Supta Padangushtasana (Reclining Leg Stretch Series): You can do each
of these five stretches alternately but they flow together nicely if
you do all on one side and then the other. Use a strap when needed.
a.
Begin by lying on your back with your knees bent and both feet flat on
the floor. Exhaling, hug your right knee toward you with both hands
wrapped around your shin or behind your knee. Be here for several
breaths. Slide the left leg flat, thigh faces the ceiling and the toes
are flexed. Press the sacrum down so there is a slight curve in the
middle of your back. As you exhale raise your nose to your right knee
by engaging the abdominal wall. Be relaxed; keep the shoulders away
from the ears. Be here for several breaths. Relax your head and
shoulders down on to the floor, slide the left foot up so the knee is
bent.
b. Exhaling, straighten your right
leg, holding the foot or strap with both hands.
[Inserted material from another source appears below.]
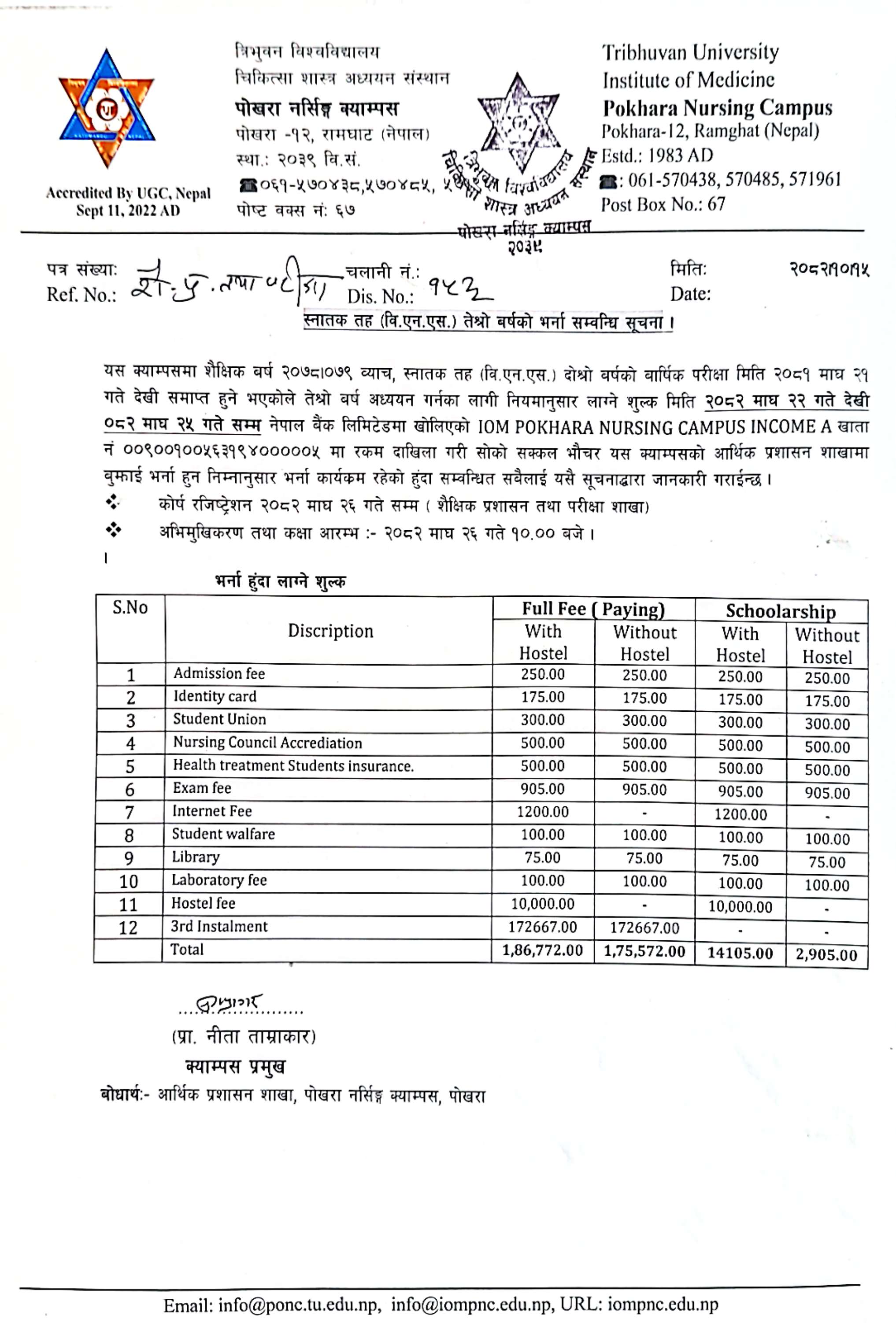 BNS and BSc Nursing प्रथम वर्षको कक्षा संचालन मिति...

Push through the heel,
the foot is flexed, and push the insertion into the floor, working both
ends of the stretch. Press the leg fully straight and tighten the
quadriceps slightly. Firmly press the sacrum into the floor, pull the
leg toward you, flatten the shoulder blades and relax in the chest and
shoulders. Breathe easily; allow the leg to lengthen. Straighten the
left leg on the floor; keep the thigh facing the ceiling. Push both
feet away. Be here, breathe and stay in the stretch from 30 seconds to
2 minutes.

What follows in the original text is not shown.